Details
-
Bug
-
Status: Resolved
-
Major
-
Resolution: Fixed
-
3.0.3, 3.1.2, 3.2.0
-
None
Description
Python UDFs in Spark SQL are run in a separate Python process. The Python process is fed input by a dedicated thread (`BasePythonRunner.WriterThread`). This writer thread drives the child plan by pulling rows from its output iterator and serializing them across a socket.
When the child exec node is the off-heap vectorized Parquet reader, these rows are backed by off-heap memory. The child node uses a task completion listener to free the off-heap memory at the end of the task, which invalidates the output iterator and any rows it has produced. Since task completion listeners are registered bottom-up and executed in reverse order of registration, this is safe as long as an exec node never accesses its input after its task completion listener has executed.

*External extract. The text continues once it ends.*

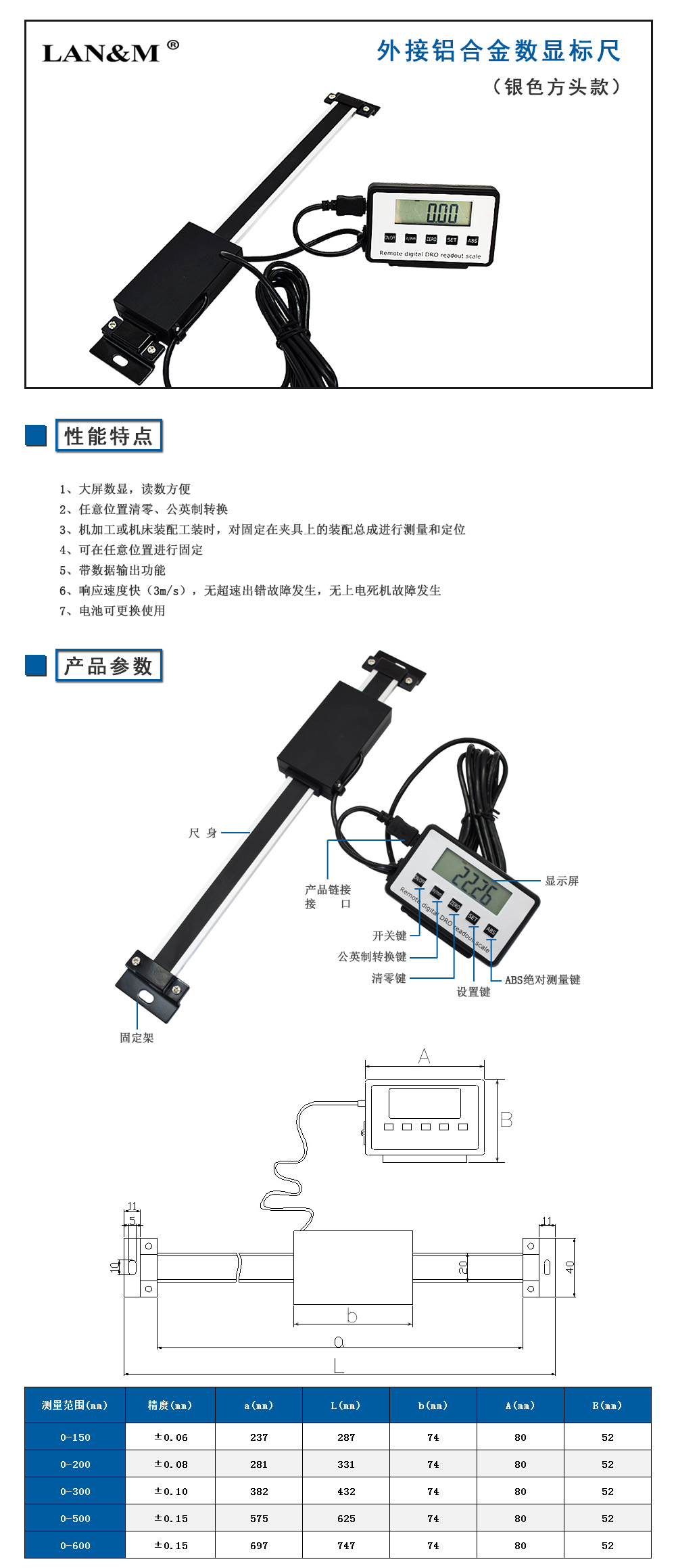 鋁合金數顯標(biāo)尺黑色方頭款

The BasePythonRunner task completion listener violates this assumption. It interrupts the writer thread, but does not wait for it to exit. This causes a race condition that can lead to an executor crash:
1. The Python writer thread is processing a row backed by off-heap memory.
2. The task finishes, for example because it has reached a row limit.
3. The BasePythonRunner task completion listener sets the interrupt status of the writer thread, but the writer thread does not check it immediately.
4. The child plan's task completion listener frees its off-heap memory, invalidating the row that the Python writer thread is processing.
5. The Python writer thread attempts to access the invalidated row. The use-after-free triggers a segfault that crashes the executor.
https://issues.apache.org/jira/browse/SPARK-33277 describes the same issue, but the fix was incomplete. It did not address the situation where the Python writer thread accesses a freed row.